# Verify this charging circuit

This is the circuit I have designed. I want to be sure whether I have designed it properly or not.

Here is the Purpose:
I am trying to power a Network device 24 hours which requires 9v (600ma). I have a 12 Volts 9AH (SLA) battery and a 12-0-12 (2 ampere) center tapped transformer. When there is mains available this circuit should charge the battery, auto cut off when full charge state is achieved and protect the battery from over discharging.

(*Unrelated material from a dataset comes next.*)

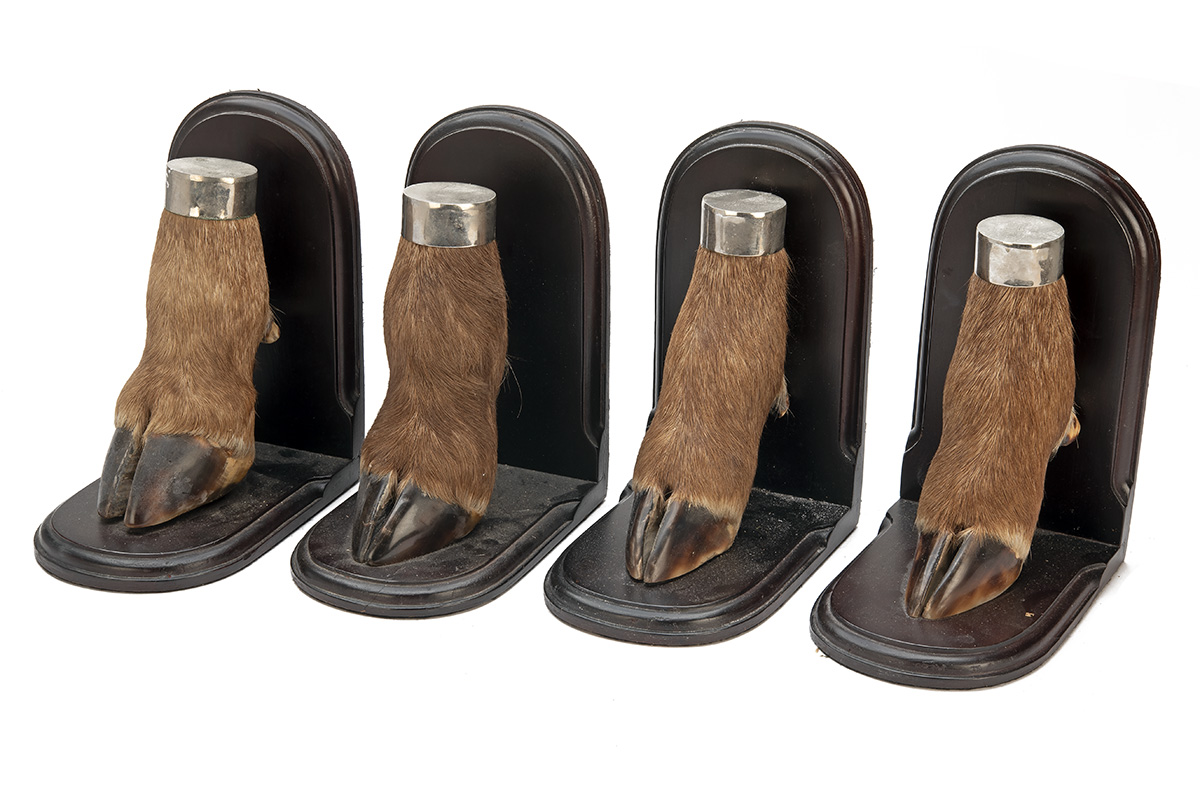 FOUR HARTEBEEST FEET BOOK-ENDS,

Circuit: When battery voltage reaches 13.8 V then the T1 (Transistor BC547) goes on, making relay K1 on so the default connection between point 'a' and 'b' breaks and the charging stops. Similarly when battery voltage drops below 10.8v then T2 goes off so is the relay, Hence the over discharge is prevented.

Problem: This circuit is working to some extent, but as mains go off this circuit will provide power for only 50-55 minutes. I don't have any idea why this battery drains so fast. Also the relay bounces back and forth for a while near to the cut-off voltages.

So my point is how do I stop this battery from draining so fast. I am using a brand new battery and there is no problem with the battery. Is relay drawing so many power or may be the linear regulator 7809. Also how do I make it more efficient. Any suggestion would be appreciated.

EDIT:

This is what is written on battery:

Cycle use: 14.4-15 Volts

Stand By use: 11.5-13.8 Volts

Initial Current not less than 2.7 ampere

Questions

1. Moreover, At what current and voltage should I charge this battery?

2. Suppose I am charging the battery at 2 ampere current and lets say, I do not apply any current regulator (meaning, Once I have started charging I do not regulate the current there after) , does current gradually decrease as the battery charges up or do I have to reduce the charging current after 70% charge of state?

3. How important is the float charge in my case? Battery is frequently drained lets say once in a two day period.

4. How can I cut down the components and ultimately the price?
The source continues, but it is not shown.